Forecasting Irregular Sales: A Machine Learning Approach to Predicting Customer Purchasing Behaviour
Information
Författare: Pontus Fredstam, Gustav MolinBeräknat färdigt: 2026-06
Handledare: Anindya Kimell Gupta
Handledares företag/institution: Optinova
Ämnesgranskare: Stefanos Kaxiras
Övrigt: -
Presentationer
Presentation av Pontus FredstamPresentationstid: 2026-06-10 14:15
Presentation av Gustav Molin
Presentationstid: 2026-06-10 15:15
Opponenter: Elias Ihrefjord, Karl Johansson
Abstract
Sales forecasting is an important area for manufacturing companies. Whether it is accurate or not impacts the planning of production. This thesis is carried out in collaboration with Optinova and explores how a customer-level sales forecasting system can be created using machine learning. A recurring challenge in this work is the intermittent and lumpy characteristics of business-to-business (B2B) demand. Optinova’s customers are no exception to this, with approximately 95% of the customers exhibiting intermittent or lumpy characteristics. Since standard forecasting approaches often assume continuous demand in the data, the zeroinflated data requires adapting these approaches.

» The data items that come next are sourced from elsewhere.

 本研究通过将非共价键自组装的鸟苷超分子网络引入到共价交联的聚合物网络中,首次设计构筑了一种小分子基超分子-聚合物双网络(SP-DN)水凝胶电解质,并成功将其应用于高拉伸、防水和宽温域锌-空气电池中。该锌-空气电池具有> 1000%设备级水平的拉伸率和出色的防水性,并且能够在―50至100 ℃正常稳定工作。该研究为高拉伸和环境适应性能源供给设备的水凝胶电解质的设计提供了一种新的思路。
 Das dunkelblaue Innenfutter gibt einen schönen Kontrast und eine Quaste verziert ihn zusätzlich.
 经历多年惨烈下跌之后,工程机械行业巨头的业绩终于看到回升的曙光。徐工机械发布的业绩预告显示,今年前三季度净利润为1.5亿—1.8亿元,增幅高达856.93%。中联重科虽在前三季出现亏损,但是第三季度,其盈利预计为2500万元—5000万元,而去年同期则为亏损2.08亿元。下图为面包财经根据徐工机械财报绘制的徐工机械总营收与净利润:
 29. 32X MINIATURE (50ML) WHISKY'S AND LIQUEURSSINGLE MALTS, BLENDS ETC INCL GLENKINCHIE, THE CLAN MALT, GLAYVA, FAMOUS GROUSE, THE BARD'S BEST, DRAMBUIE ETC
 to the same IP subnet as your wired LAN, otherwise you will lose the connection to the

To solve this issue, a two-stage hurdle model was constructed. In the first stage, a binary classifier predicts whether a customer will purchase or not in a given month. If the classifier predicts yes, a regression model then estimates the magnitude of that purchase. If the classifier predicts no, the revenue for that customer is set to zero. Two classifiers (XGBoost, LightGBM) and three regressors (XGBoost, LightGBM, Random Forest) created a total of six hurdle-pairs that were all trained and evaluated on the historical data. A feature engineering effort was performed to mimic demand planning concepts and customer behavioral metrics.

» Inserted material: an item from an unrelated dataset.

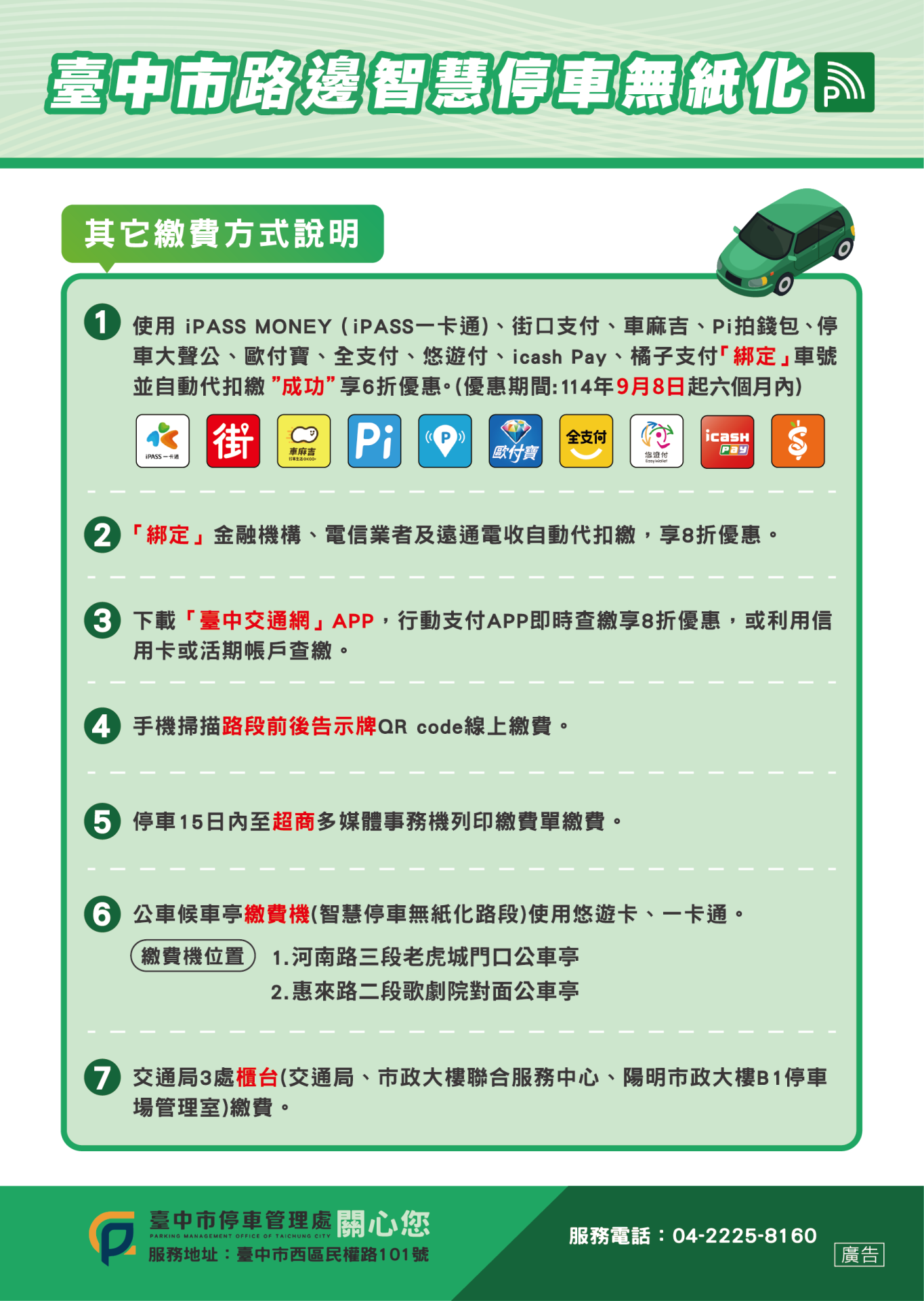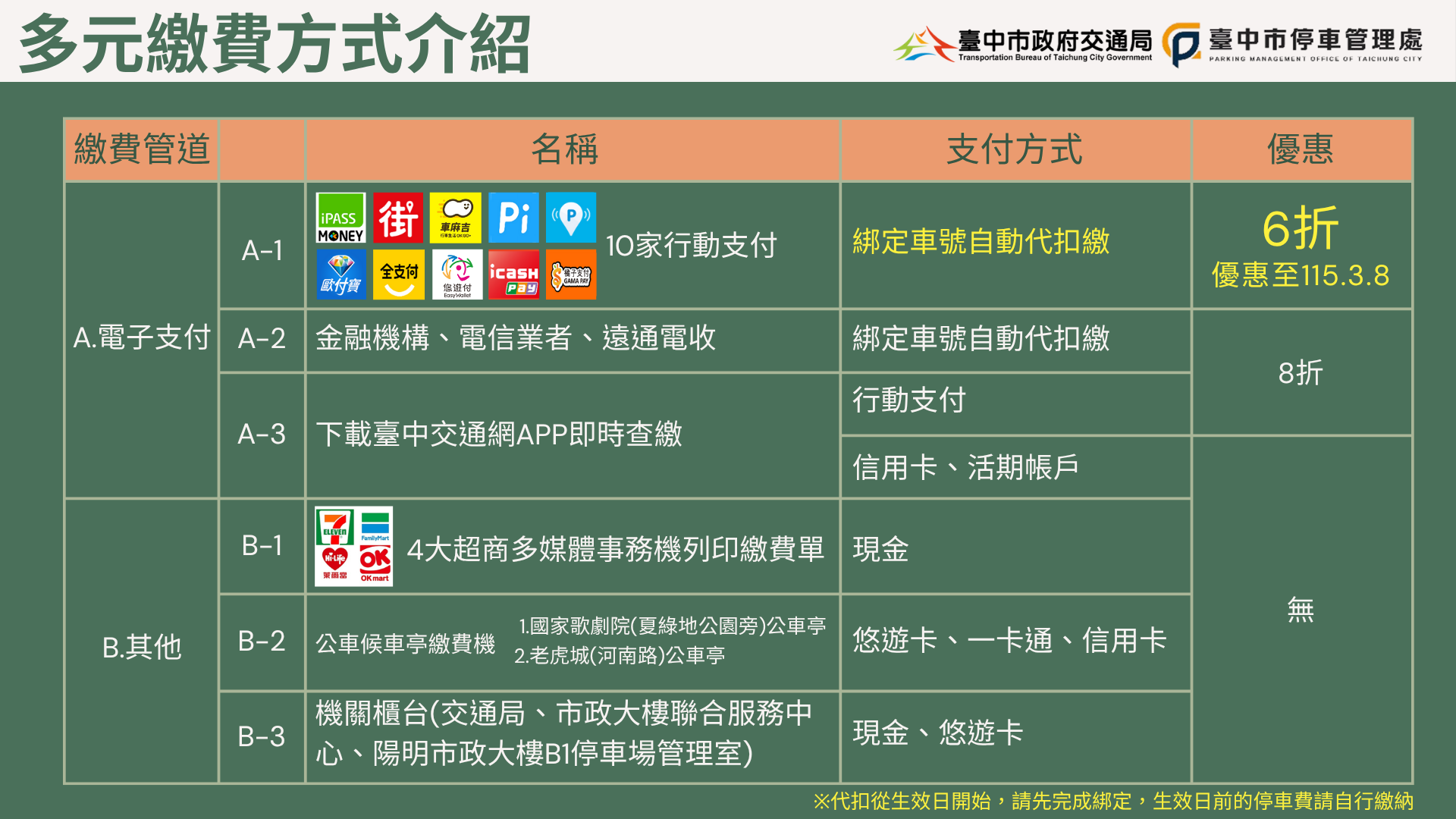 為方便民眾使用,交通局攜手多家廠商拓展多元多樣的繳費方式:車號可綁定包括iPASS MONEY(iPASS一卡通)、街口支付、車麻吉、Pi 拍錢包、停車大聲公、歐付寶、全支付、悠遊付、icash Pay及橘子支付等10家行動支付,綁定自動代扣繳成功在無紙化路段最高享有「6折優惠」(優惠時間至115年3月8日)。或透過金融機構、電信業者與遠通電收的自動代扣最高享有8折優惠;亦可透過「台中交通網」App連動綁定車號繳費。

The results show that the best hurdle-pair (LightGBM classifier and XGBoost regressor) achieved a monthly mean absolute percentage error of 11.89%. When aggregated to a full year forecast, the best hurdle-pair achieved an absolute percentage error of 1.43%, as erratic monthly behavior is largely canceled out over a full year. The model systematically beats a naive baseline across all evaluation levels and captures seasonality trends in the historical data, as well as capturing over 80% of the variance in annual customer spend. The findings presented in this thesis suggest that machine learning can be used as a valuable decisionsupport tool for customer-level forecasting in B2B environments characterized by intermittent demand.